* [EXERCISE AIM]: When you reach the line containing "ЗДЕСЬ ЖИВЁТ БАСКЕТБОЛ!", repeat that line and each one after it exactly until the records end, leaving out pictures.

[Dataset records]
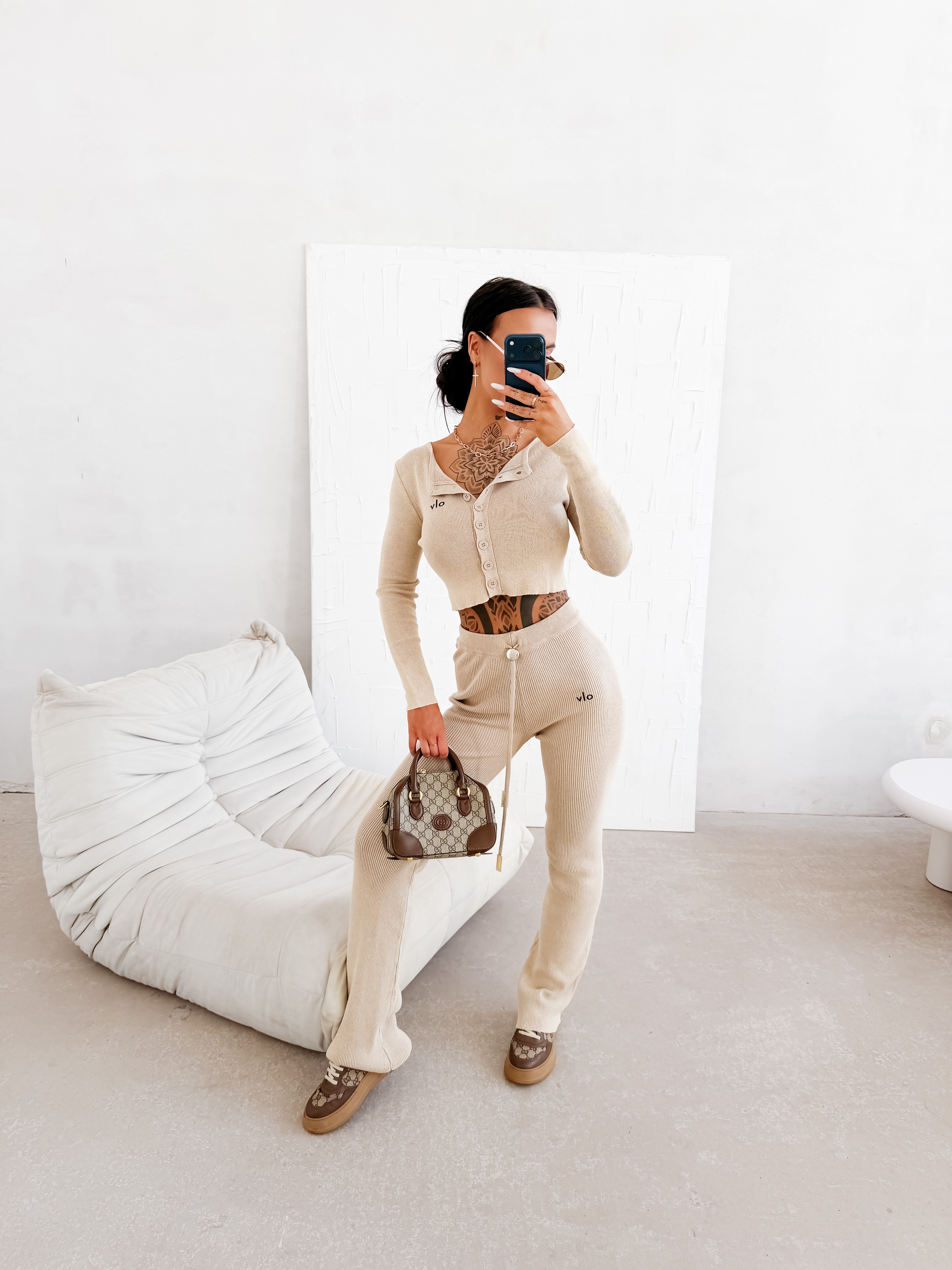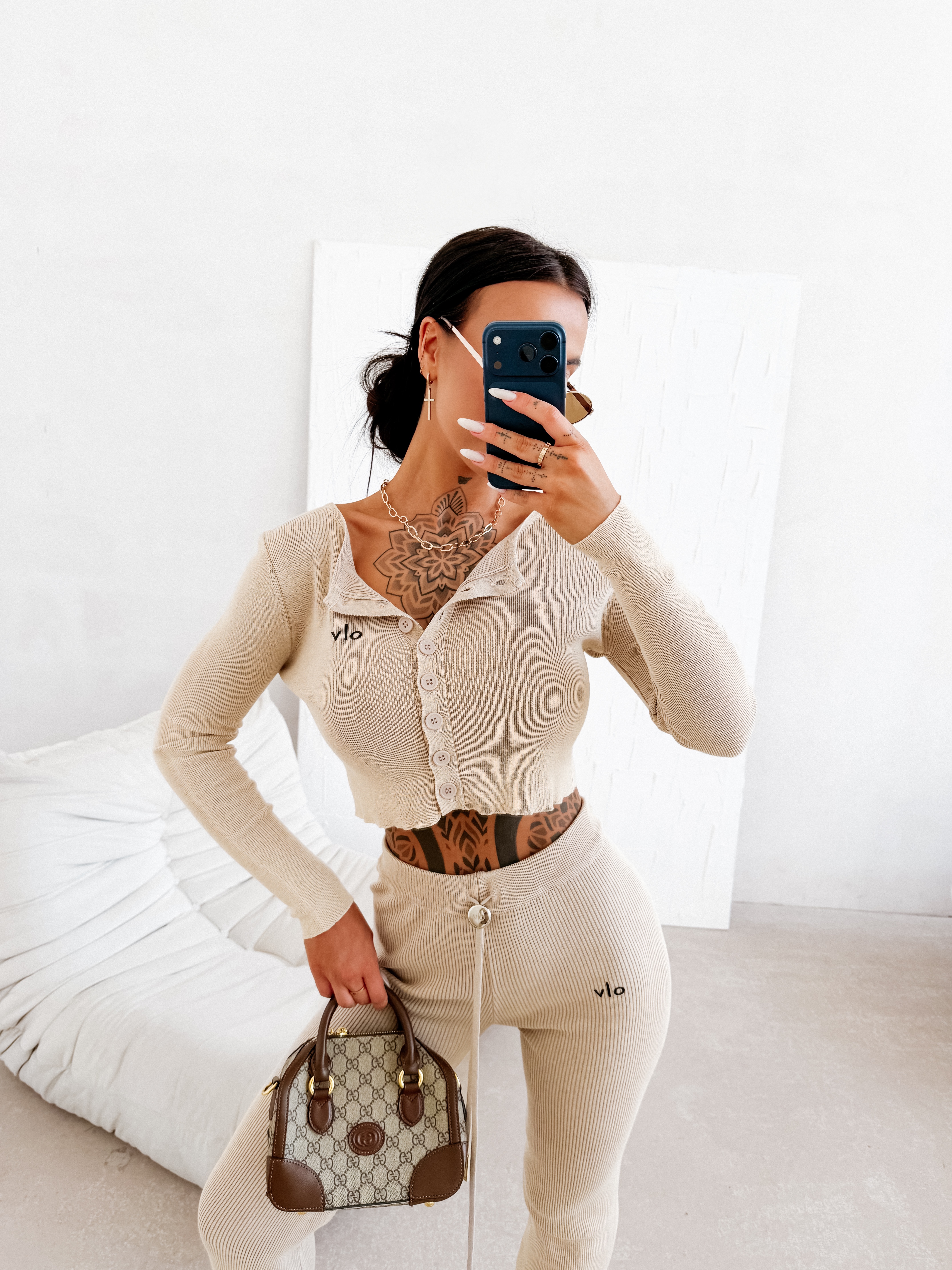 Top o skróconym kroju - zapinany na guziki - prążkowana sweterkowa dzianina - długi rękaw - zaokrąglony dekolt - subtelne logo OLV na przodzie Spodnie o dopasowanym kroju - wyższy stan - regulacja w pasie - ozdobny metalowy stoper z logo OLV - sznureczki zakończone skórzanymi logowanymi agletami
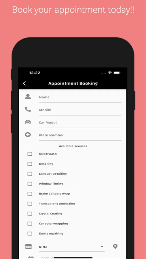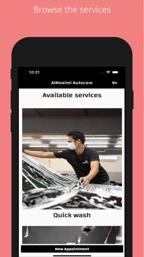 Alnoaimi Autocare, this app is used to browse available services and book an appointment in the workshop.
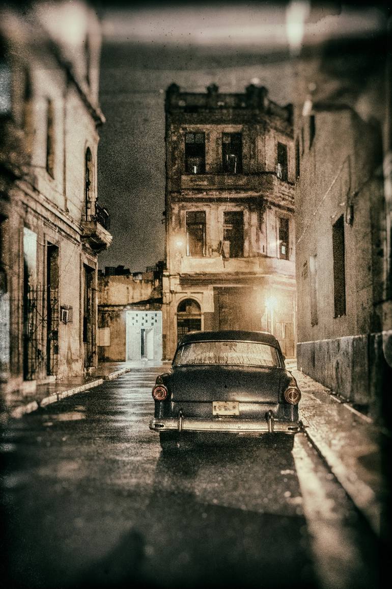 A wet night in Havana an American styled classic automobile from the 1940's era parked in a quiet street close to The Malecon, evoking a time long past a glimpse into a bygone era. Using a wet plate technique to emulate the old large style pioneering cameras of a bygone era and giving a timeless qu...
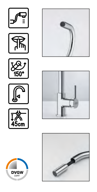 Hoher Auslauf zum Befüllen von hohen Töpfen Verfügbar in fünf trendigen Farben Großer Nutzungsradius durch Auszugsfunktion
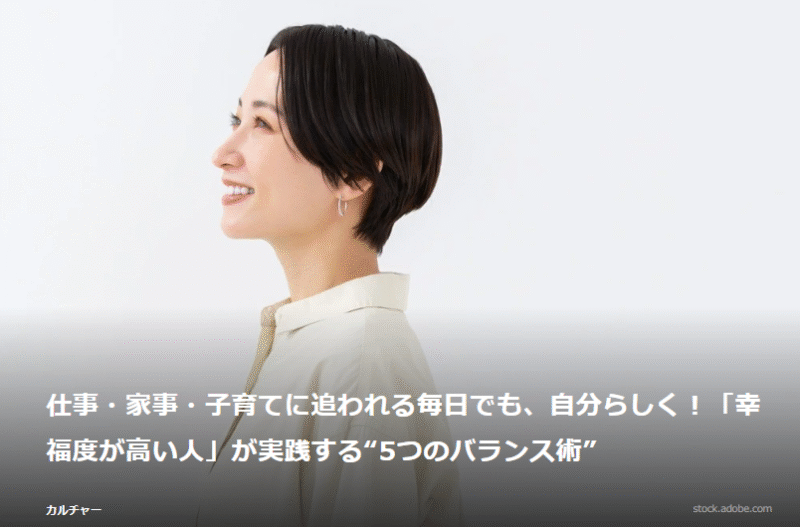 仕事・家事・子育てに追われる毎日でも、自分らしく!「幸福度が高い人」が実践する“5つのバランス術”
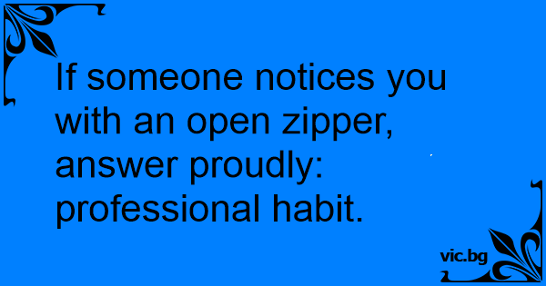 If someone notices you with an open zipper, answer proudly: professional habit.
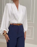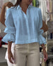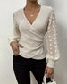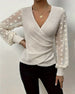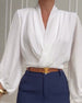 SPECIFICATIONS Top Type: Tops Style: Elegant Material: Cotton Blends Occasion: Daily,Work Neckline: V neck_V Pattern Type: Solid Color Sleeve Type: Lantern Sleeve Sleeve Length: Long Sleeve Fit Type: Regular Season: Spring,Fall Details: Patchwork,Shirred Package Includes: 1 x Top SIZE TABLE Size Bust Length CM INCH CM INCH S 97 3...
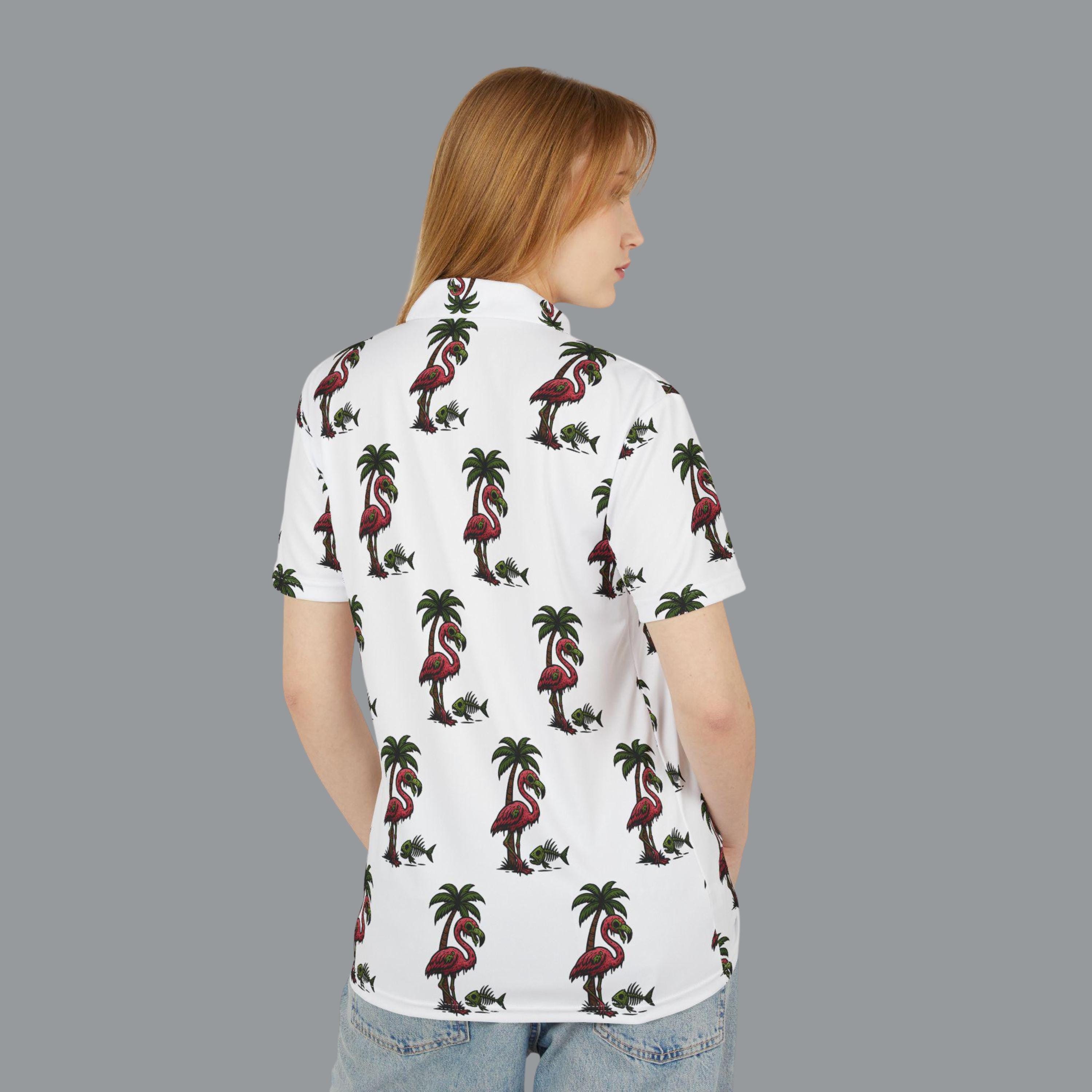 A unique and quirky Polo Shirt featuring a zombie flamingo with a palm tree and fish skeleton design. Perfect for those who love bold and eccentric styles. Ideal for casual wear and a fun addition to any wardrobe. Relevant for Halloween, beach vacations, and tropical-themed parties.
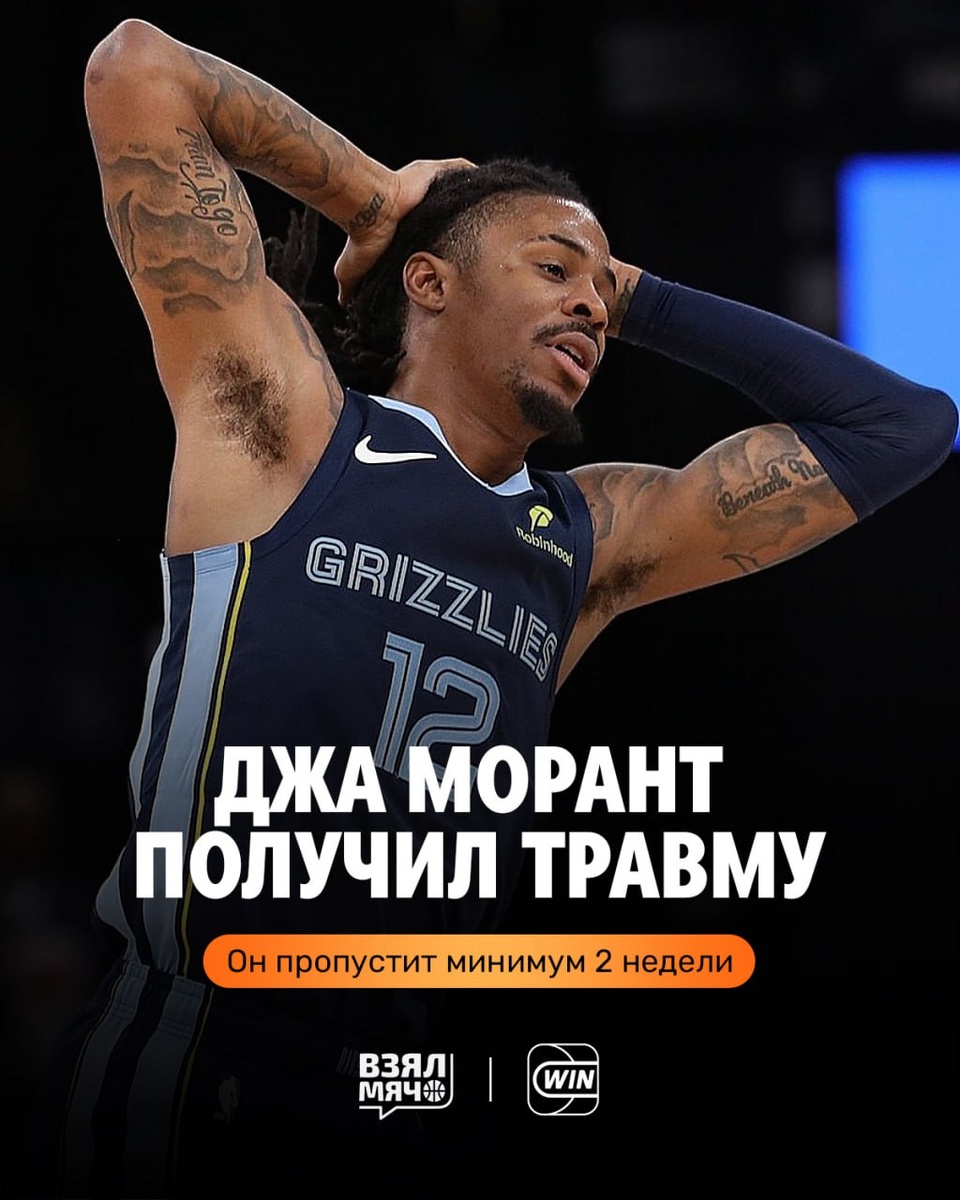 👌 «Мемфис» остался без Джа Моранта Разыгрывающий «Гриззлис» выбыл минимум на две недели из-за травмы икроножной мышцы. Подумает над своим поведением в лазарете и снова заиграет на высоком уровне? 😂 🏀 ПОДПИШИСЬ — ЗДЕСЬ ЖИВЁТ БАСКЕТБОЛ!
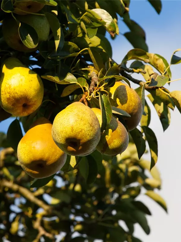 Die Birne 'Gellerts Butterbirne' (Pyrus communis) bildet gelbe, große, butterweich und saftige Früchte. Sie sind stumpfkegelförmig und haben einen würzigen Geschmack. Für eine ertragreiche Ernte ab September schaffen lockerer, lehmiger Boden und ein sonniger bis halbschattiger Standort optimale Bedingungen. Auch ihre weißen Blüten sind eine schöne Erscheinung.

* [EXERCISE ANSWER]:
 👌 «Мемфис» остался без Джа Моранта Разыгрывающий «Гриззлис» выбыл минимум на две недели из-за травмы икроножной мышцы. Подумает над своим поведением в лазарете и снова заиграет на высоком уровне? 😂 🏀 ПОДПИШИСЬ — ЗДЕСЬ ЖИВЁТ БАСКЕТБОЛ!
 Die Birne 'Gellerts Butterbirne' (Pyrus communis) bildet gelbe, große, butterweich und saftige Früchte. Sie sind stumpfkegelförmig und haben einen würzigen Geschmack. Für eine ertragreiche Ernte ab September schaffen lockerer, lehmiger Boden und ein sonniger bis halbschattiger Standort optimale Bedingungen. Auch ihre weißen Blüten sind eine schöne Erscheinung.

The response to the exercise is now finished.